# YOUR ASSIGNMENT
Transcribe the material verbatim, starting at its first line and stopping once the line containing "Patul de copii" has been given; no picture should appear.

# DATA EXCERPTS
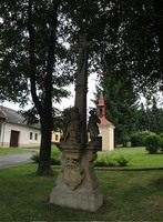 Pozdně barokní kříž se skládá z podstavce s římsou, nástavce, čepu a kříže. Kolem nástavce na římse jsou umístěny tři sochy v podživotní velikosti – po pravé straně je to sv. Hubert jako patron řezníků, nalevo sv. Vendelín s hlavou ovečky u pravé nohy a uprostřed P. Marie.
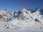 Odtiaľto stúpame po hrebienku, kde sme v bezpeží pred lavínami a pomedzi vysoké skalné mužíky sa mierne traverzujúc vľavo dostaneme ku záverečnému výšvihu. Na lyžiach sa dá vystúpiť až na vrchol pýšiaci sa úžasnými výhľadmi. Návrat tou istou trasou.
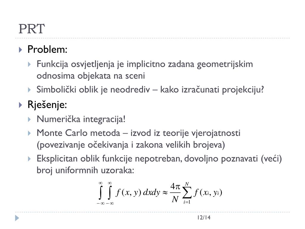 PRT • Problem: • Funkcija osvjetljenja je implicitno zadana geometrijskim odnosima objekata na sceni • Simbolički oblik je neodrediv – kako izračunati projekciju? • Rješenje: • Numerička integracija! • Monte Carlo metoda – izvod iz teorije vjerojatnosti (povezivanje očekivanja i zakona velikih brojeva) • Eksplicitan oblik funkcije nepotreban, dovoljno poznavati (veći) broj uniformnih uzoraka: 12/14
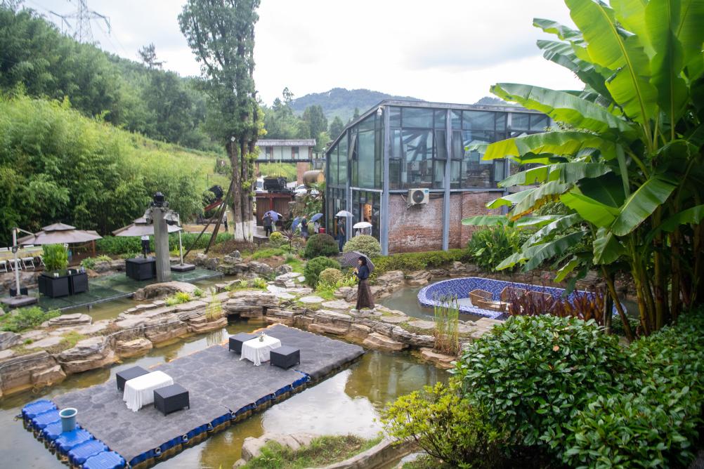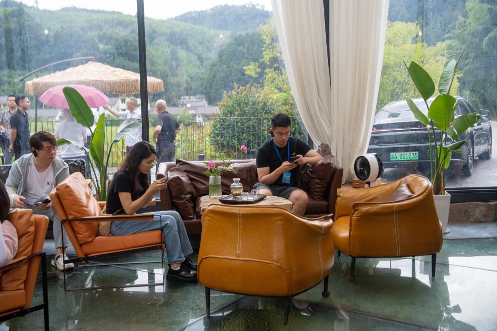 8月15日,人们在竹山镇猎神村一处用矿山用房改造的咖啡馆内休息。
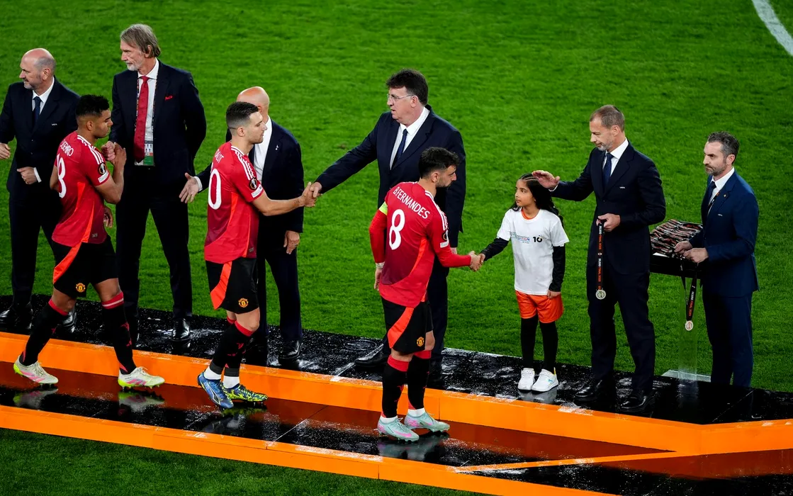 Bruno Fernandes de la Manchester United pare dezamăgit în timp ce își ridică medalia de finalist de la președintele UEFA, Aleksander Ceferin, după finala UEFA Europa League de pe Estadio de San Mames, Bilbao, Spania.
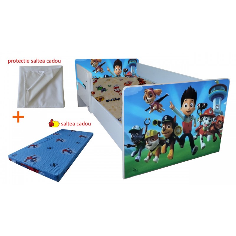 Patul de copii vine cu saltea cadou din spuma de poliuretan de 6cm grosime.
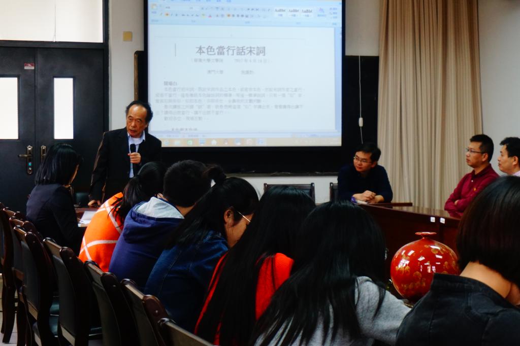 首先,施教授用浅显的例子引出本次讲座的主题,并表明“评价词的标准除了功利标准、审美标准,还应该有一个标准,那就是本色当行。”的观点。随后,他从四个主要方面为大家讲解了“本色当行”的深层含义:一、本色与本色论;二、宋人的言说和今人的体验:三、本色与非本色的辨别方法;四、门径和模式(即创作方式)。近两个小时的讲座,施议对教授坚持站着面对大家,讲到激动的地方还会离开座位,手舞足蹈。78岁高龄的他,在自己热爱的宋词面前,像个年轻小伙子一般滔滔不绝,充满朝气。“这是我第三次来华大suncitygroup太阳集团开讲座了…五年过去了,我又来了。”施教授如是说,语气中满含着期待和欣喜。最终讲座在热烈的掌声中结束,此次讲座让在场师生接触到许多新颖的看法,对宋词也有了更深层的了解。
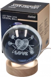 Elegante kristallen lamp in de vorm van een bol met het motief Love brengt een romantische sfeer en zacht ambient licht in het interieur. Dankzij het lage verbruik van 1,5 W is hij zuinig en ideaal als nacht- of decoratieve verlichting. Kwalitatieve afwerking en CE-declaratie zorgen voor een betrouwbare werking.
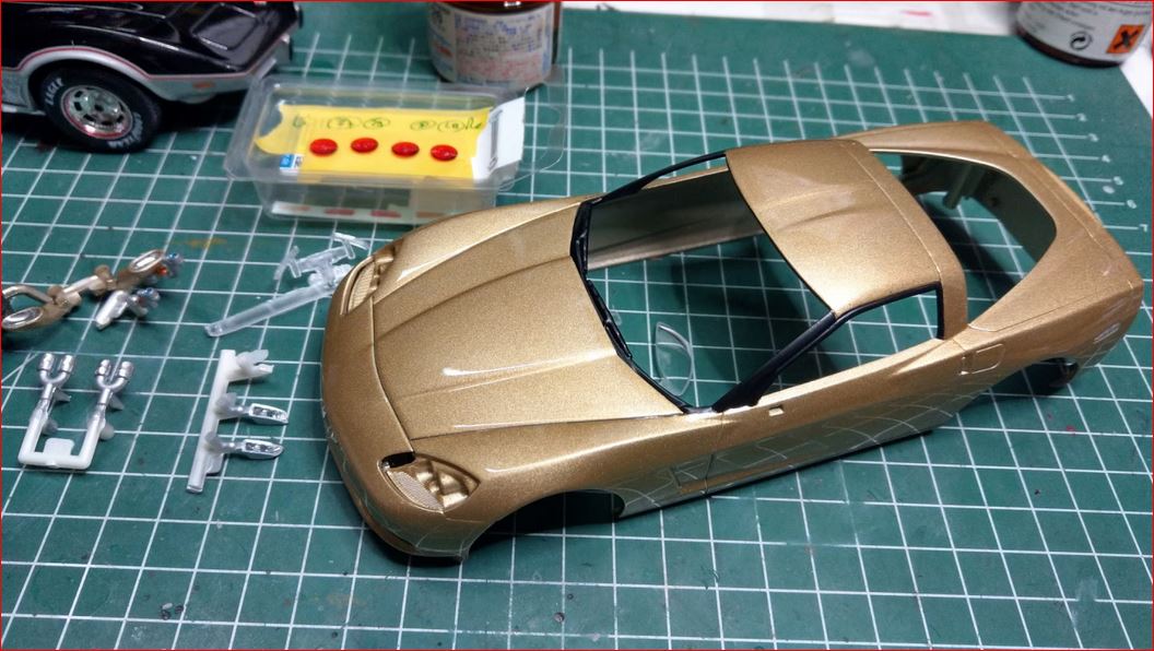 -> Bei der goldenen C6 nutzte ich von Tamiya das klare Grün. Wie man sieht, ist es nicht klar genug und beim Lackieren nebelte es doch sehr stark, so das ich die Scheibe nacharbeiten musste. Daraus resultiert der scharfer Rand am Streifen unten.
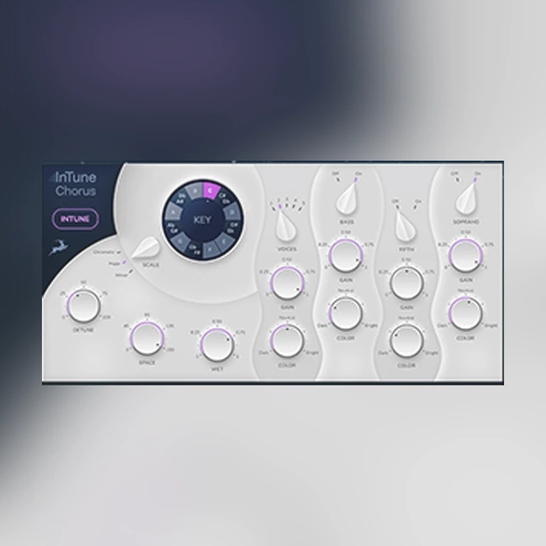 Harmony is an accompanying vocal generator plugin, capable of adding 2, 3, or 4 voice harmony to a vocal line in real-time. Adjust key and scale and add pitch correction with the InTune button, which utilizes the same correction algorithm as the Performer and Chorus plugins. The intuitive user interface enables the generated voices to be arranged across the stereo panorama with the Space control, while the timbral differences between the lowest and the highest voices can be adjusted with the Color control being moved from Neutral to Deep.
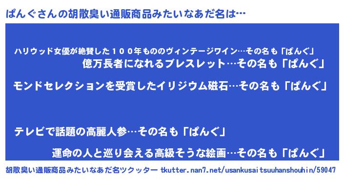 | 男性向けラノベタイトル風あだ名 | 『ぱんぐに滅ぼされるだけの簡単なお仕事です』 |
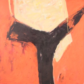 Red background. Black "Y" shape, L arm in CL, bottom in BC, R arm in TR. Green / yellow / pink area in T with 3 drips into black in CR. Black spatters across bottom. Verso. TC vertical stretcher bar, crossed out: Intent. Below: Keep / Your Hands / Of Me / 33/2K. Below: 55 3/4 CR stretcher bar, stamped: <symbol> DEAD <symbol> STRAIGHT.
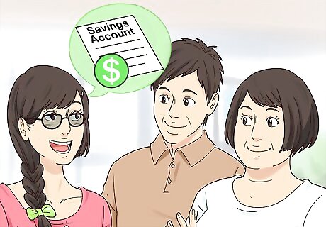 Ask your parents to open up a savings account for you. Once you have some money saved, setting up a savings account can be very helpful. It will eliminate the temptation of wanting to spend that money.
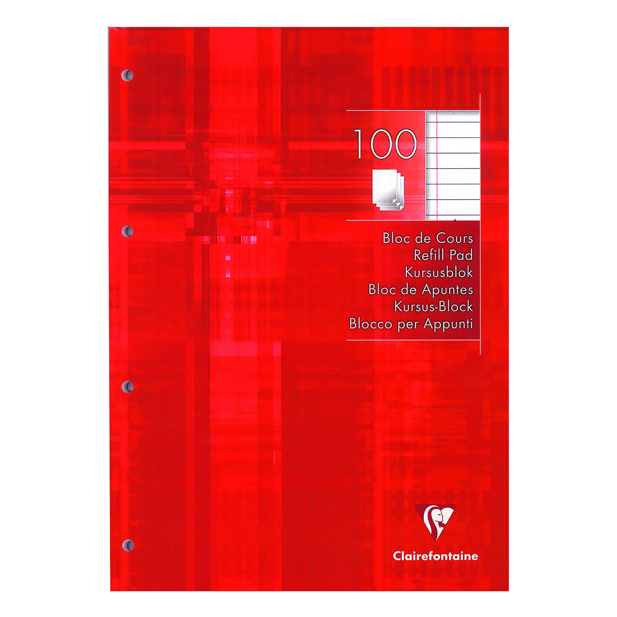 Glued on the long side. A4 format. 100 sheets. Ruled with margin. 2-hole punching. Velin velvety paper Clairefontaine 90 g/m². Laminated cover. Cardboard spine.
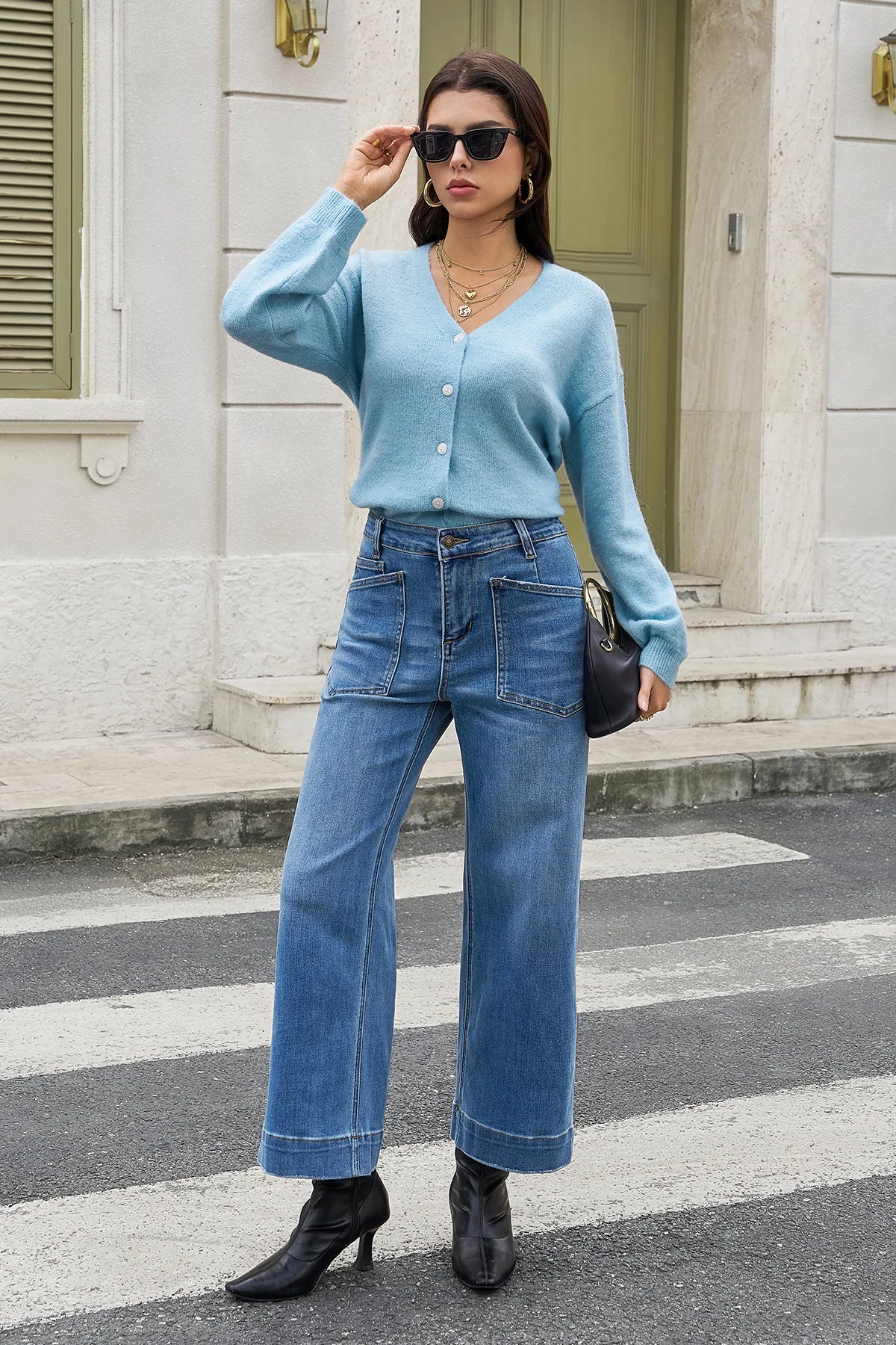 Womens Wash Blue Cropped High Waisted Jeans | CicyBell
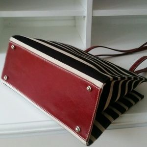Ridiculously adorable Kate Spade handbag with rich red leather shoulder handles and red leather bottom. Bag in absolutely perfect condition. Not a single mark or scratch. Bag is also VINTAGE!! Yayy!! this super cute accessory is the perfect ingredient to your chic outfit!
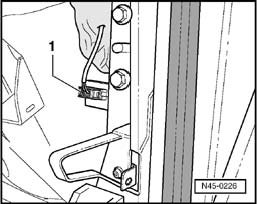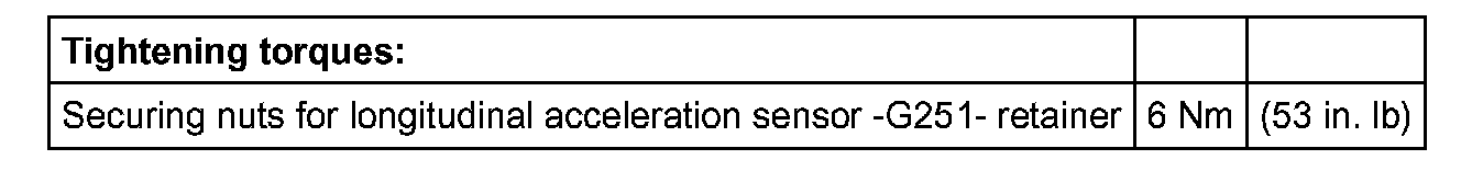 - Installation position: The angled section (arrow) of longitudinal acceleration sensor - G251- -1- must face retainer -2-.
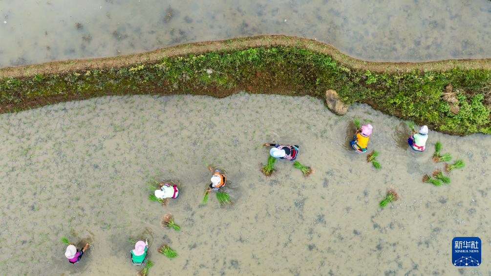 5月2日,在云南省红河县甲寅村,村民在梯田里插秧(无人机照片)。
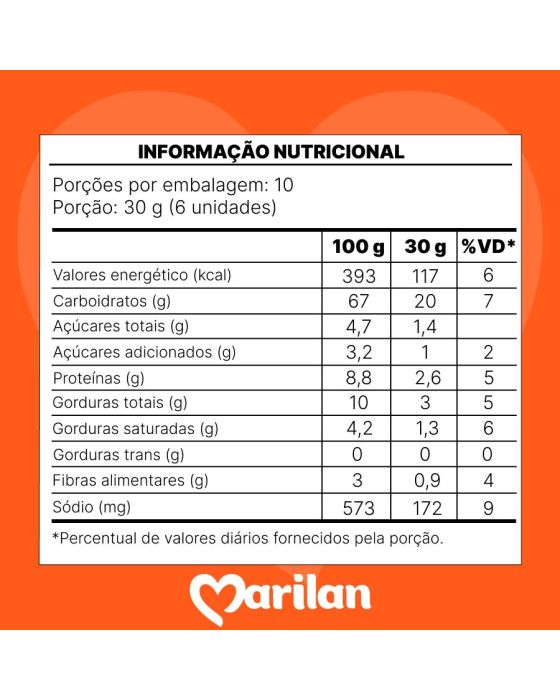 Características:- Biscoito leve com formulação crocante e sabor equilibrado: O Biscoito Marilan Cream Cracker é produzido com uma formulação cuidadosamente balanceada para garantir textura crocante, leve e uniforme, preservando a estrutura do produto mesmo em aplicações culinárias ou durante o consumo direto. Sua composição proporciona um sabor suave, característico dos crackers tradicionais, permitindo versatilidade em diferentes combinações e momentos do dia.- Versatilidade para consumo diário e diferentes preparações: A embalagem de 300 g conta com três pacotes internos, proporcionando praticidade, melhor conservação e facilidade de uso em ambientes domésticos ou corporativos. Sua estrutura firme permite consumo puro em lanches rápidos ou uso como base para acompanhamentos como patês, pastas, queijos, frios e geleias, garantindo desempenho consistente em aplicações salgadas ou leves.- Textura crocante com sabor clássico cream cracker: O perfil sensorial destaca sua crocância fina e o sabor equilibrado típico dos cream crackers, com leve teor salino e aroma neutro, ideal para quem busca um biscoito versátil e de baixa interferência no paladar. Essa característica amplia sua compatibilidade com bebidas quentes, frias e preparações gastronômicas diversas.- Indicado para lanches, recepções e composições gastronômicas: Por sua funcionalidade e textura estável, o Biscoito Marilan Cream Cracker é adequado para coffee breaks, recepções, cestas de produtos e mesas de aperitivos. Seu formato padronizado e resistência estrutural facilitam o uso em porções individuais e montagens culinárias, tornando-o uma opção prática para o dia a dia.- Sobre a marca Marilan: A Marilan é uma das maiores marcas de biscoitos do Brasil, reconhecida pela ampla variedade de produtos e pela consistência na entrega de qualidade, sabor e custo-benefício.- Ingredientes: Farinha de trigo enriquecida com ferro e ácido fólico, gordura vegetal (palma), açúcar invertido, amido de milho, extrato de malte, sal, açúcar, fermentos químicos bicarbonato de amônio, bicarbonato de sódio e difosfato dissódico, acidulante ácido láctico, melhorador de farinha protease. espécie doadora do gene: agrobacterium tumefaciens, bacillus thuringiensis, zea mays.- Informação nutricional e alergênicos:Contém glúten.Alérgicos: Contém derivados de trigo e cevada. Pode conter soja, aveia, leite, centeio e amendoim.- Dimensões da embalagem:Comprimento: 17,7cm; Largura: 11,7cm; Altura: 5,7cm;Peso: 303g.* As especificações podem ser alteradas sem aviso prévio ** Imagem meramente ilustrativa.
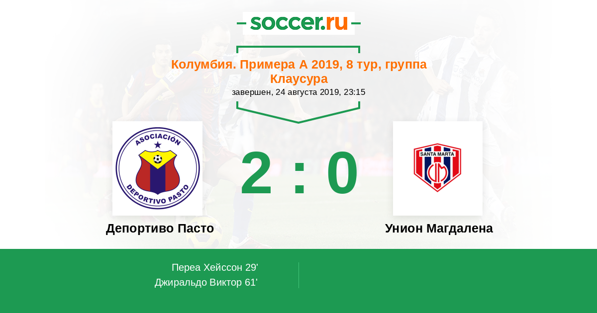 Протокол матча Депортиво Пасто против Унион Магдалена

# RESPONSE BELOW
 Pozdně barokní kříž se skládá z podstavce s římsou, nástavce, čepu a kříže. Kolem nástavce na římse jsou umístěny tři sochy v podživotní velikosti – po pravé straně je to sv. Hubert jako patron řezníků, nalevo sv. Vendelín s hlavou ovečky u pravé nohy a uprostřed P. Marie.
 Odtiaľto stúpame po hrebienku, kde sme v bezpeží pred lavínami a pomedzi vysoké skalné mužíky sa mierne traverzujúc vľavo dostaneme ku záverečnému výšvihu. Na lyžiach sa dá vystúpiť až na vrchol pýšiaci sa úžasnými výhľadmi. Návrat tou istou trasou.
 PRT • Problem: • Funkcija osvjetljenja je implicitno zadana geometrijskim odnosima objekata na sceni • Simbolički oblik je neodrediv – kako izračunati projekciju? • Rješenje: • Numerička integracija! • Monte Carlo metoda – izvod iz teorije vjerojatnosti (povezivanje očekivanja i zakona velikih brojeva) • Eksplicitan oblik funkcije nepotreban, dovoljno poznavati (veći) broj uniformnih uzoraka: 12/14
 8月15日,人们在竹山镇猎神村一处用矿山用房改造的咖啡馆内休息。
 Bruno Fernandes de la Manchester United pare dezamăgit în timp ce își ridică medalia de finalist de la președintele UEFA, Aleksander Ceferin, după finala UEFA Europa League de pe Estadio de San Mames, Bilbao, Spania.
 Patul de copii vine cu saltea cadou din spuma de poliuretan de 6cm grosime.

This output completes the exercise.